Figure 1 Effective reduction of donor tail skin resident leucocytes 8 days after exposure to lethal total body irradiation. (A) Design of an allograft transplantation setting with reduced passenger leucocytes and IL-2 complex protocol treatment schema for indicated groups of skin allograft recipients. Donor mice were lethally irradiated (8.5Gy) d-8 and reconstituted with bone marrow cells of a naïve BALB/c mouse d-7. Donor tail skin was transplanted d0 onto recipient C57BL/6 mice.

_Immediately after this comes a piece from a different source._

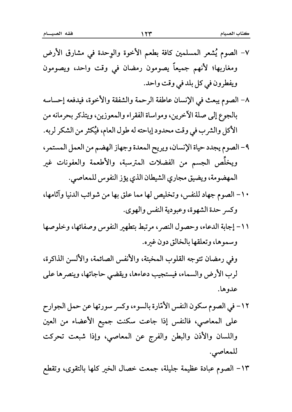10 - الصوم جهاد للنفس، وتخليص لها مما علق بها من شوائب الدنيا وآثامها، وكسر حدة الشهوة، وعبودية النفس والهوى.

Indicated recipient mice in addition received a combination of IL-2 complexes, Rapamycin and a short term treatment of anti-IL-6. (B) Frequency of graft-resident CD45+ leucocytes within irradiated (IR; n = 7) and non-irradiated (non-IR; n = 4) skin grafts at time point of transplantation (d0) (mean 3% IR vs 17% non-IR; p = 0.006). (C) Graft-resident T-cell subsets within irradiated (n = 7) and non-irradiated (n = 4) skin grafts d0. Frequency of CD4+ (mean 0.079% IR vs 0.56% non-IR; p = 0.006) and CD8+ (mean 0.004% IR vs 0.13% non-IR; p = 0.006) T-cells within total graft-resident cells. (D) Frequency of graft-resident dendritic (CD45+ MHCII+ CD11c+; DC; mean 0.05% IR vs 0.15% non-IR; p = 0.03) and Langerhans cells (CD45+ MHCII+ CD11b+; LC; mean 0.03% IR vs 0.04% non-IR; NS) within IR and non-IR skin grafts d0 (n = 5 each). Analysis (B–D) was performed using flow cytometry and mean percentages are shown. Error bars indicate SD. (*P < 0.05; **P < 0.01; two-tailed t test with unequal variances).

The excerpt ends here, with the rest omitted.